═══ DATASET CONTENT ═══

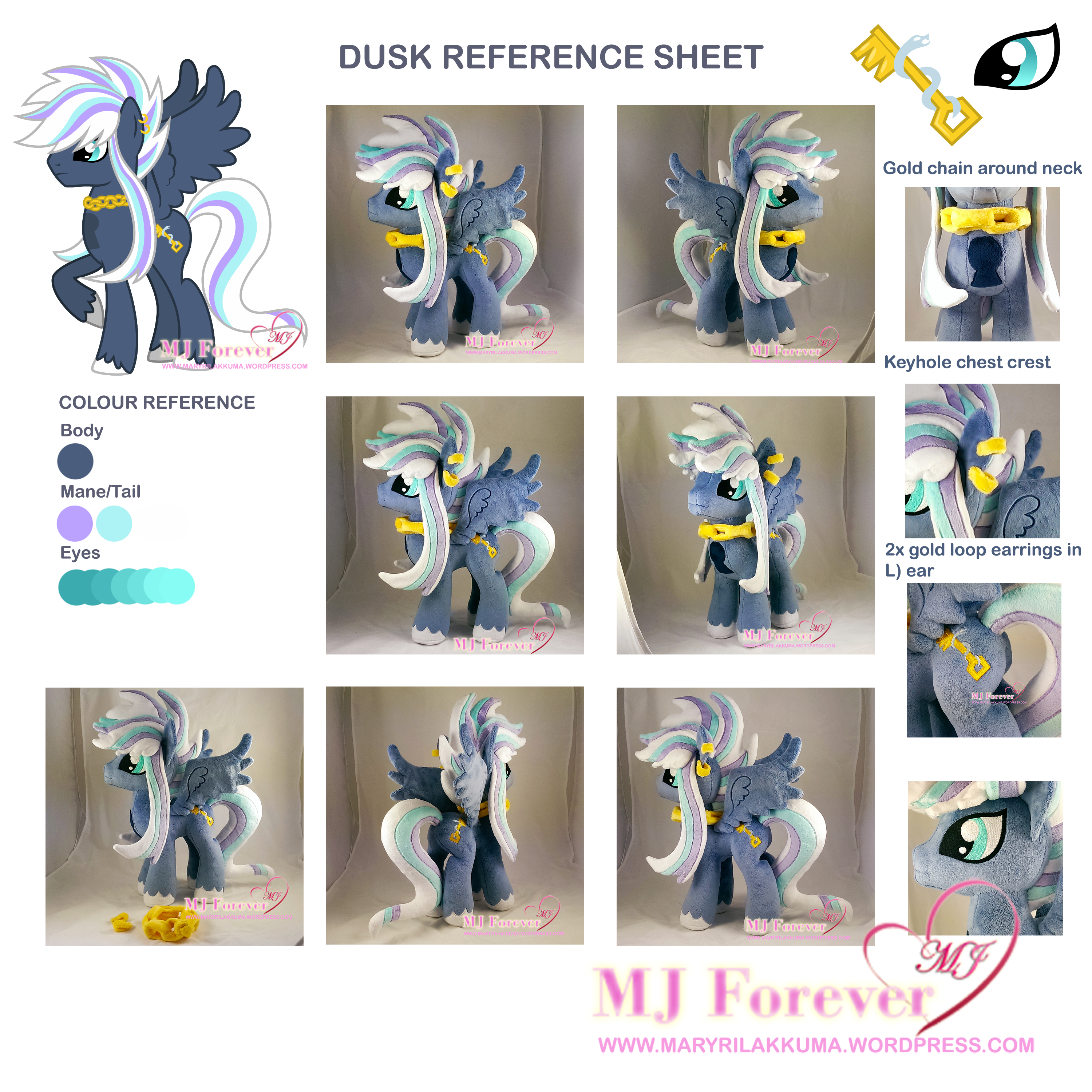 I’m so proud to share with you photos of my Dusk plushie! 😀 He arrived yesterday morning but I didn’t get a chance to take photos of him since I had to work a long day >.>. He’s sewn by the Little-Broy-Peep sisters, who are the most awesomest + talented + bestest plushie artists/people! He stands approximately 20.5 inches tall and all his accessories are magnetized and removable. I love him SO MUCH! ❤
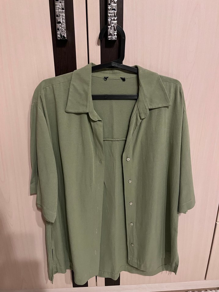 Kadın haki keten gömlek, rahat kesim, kısa kollu, düğmeli ve yakalı, günlük sokak stiline uygun. Orjinal bir markanındı fakat etiketleri kesmiştim hatırlamıyorum
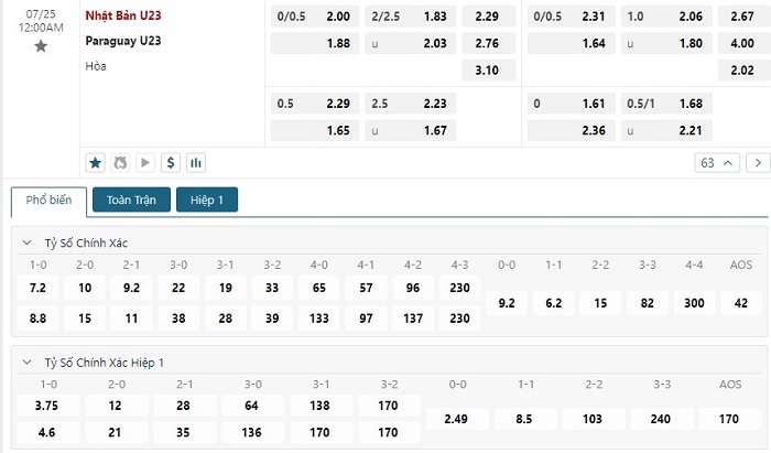 Bảng tỷ lệ kèo bóng đá trận đấu U23 Nhật Bản vs U23 Paraguay
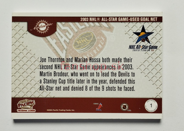 2003-04 Pacific 2003 NHL All-Star Fantasy Nets #1 Thornton/Brodeur/Hossa SN 161/499
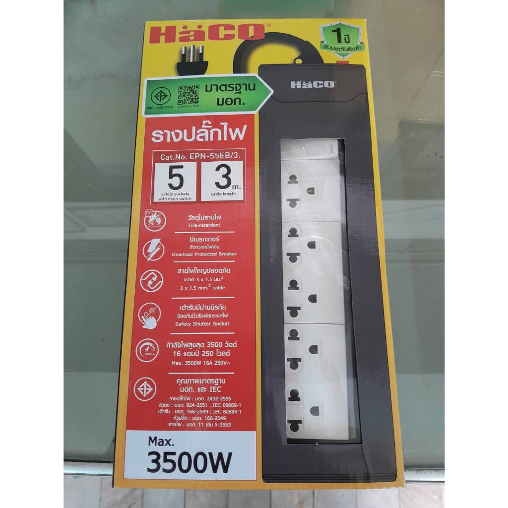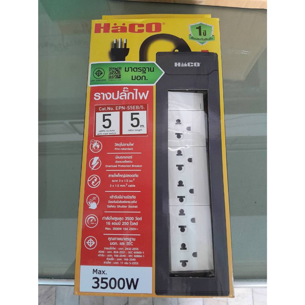 HACO ปลั๊กพ่วง รางปลั๊ก (มี มอก.) 3 ช่อง 2 เมตร / 5 ช่อง 3 เมตร / 5 ช่อง 5 เมตร มี มอก. แข็งแรง ทนทาน กำลังไฟสูงสุด 3500
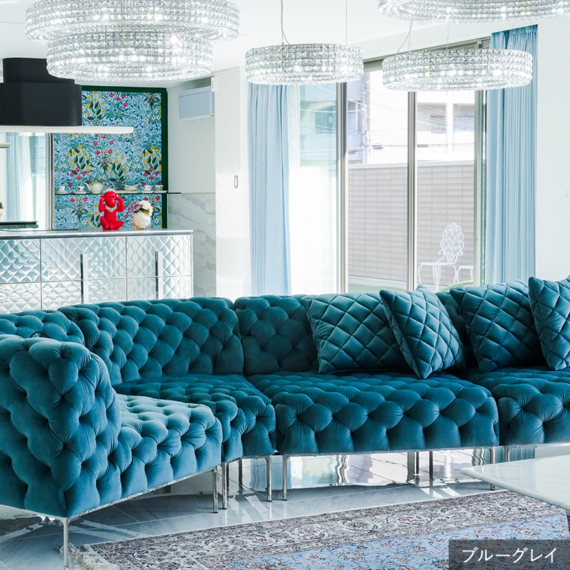 リズミカルにステッチ(タフティング加工)を施したクラシックなチェスターフィールド調のソファを、モダンにアレンジしたデザインです。

═══

* EXERCISE GOAL
Beginning with the first line of the records and ending with the line that contains "HACO ปลั๊กพ่วง รางปลั๊ก", reproduce every line exactly, omitting pictures and adding nothing.

* SOLUTION TO THIS PROBLEM
 I’m so proud to share with you photos of my Dusk plushie! 😀 He arrived yesterday morning but I didn’t get a chance to take photos of him since I had to work a long day >.>. He’s sewn by the Little-Broy-Peep sisters, who are the most awesomest + talented + bestest plushie artists/people! He stands approximately 20.5 inches tall and all his accessories are magnetized and removable. I love him SO MUCH! ❤
 Kadın haki keten gömlek, rahat kesim, kısa kollu, düğmeli ve yakalı, günlük sokak stiline uygun. Orjinal bir markanındı fakat etiketleri kesmiştim hatırlamıyorum
 Bảng tỷ lệ kèo bóng đá trận đấu U23 Nhật Bản vs U23 Paraguay
 2003-04 Pacific 2003 NHL All-Star Fantasy Nets #1 Thornton/Brodeur/Hossa SN 161/499
 HACO ปลั๊กพ่วง รางปลั๊ก (มี มอก.) 3 ช่อง 2 เมตร / 5 ช่อง 3 เมตร / 5 ช่อง 5 เมตร มี มอก. แข็งแรง ทนทาน กำลังไฟสูงสุด 3500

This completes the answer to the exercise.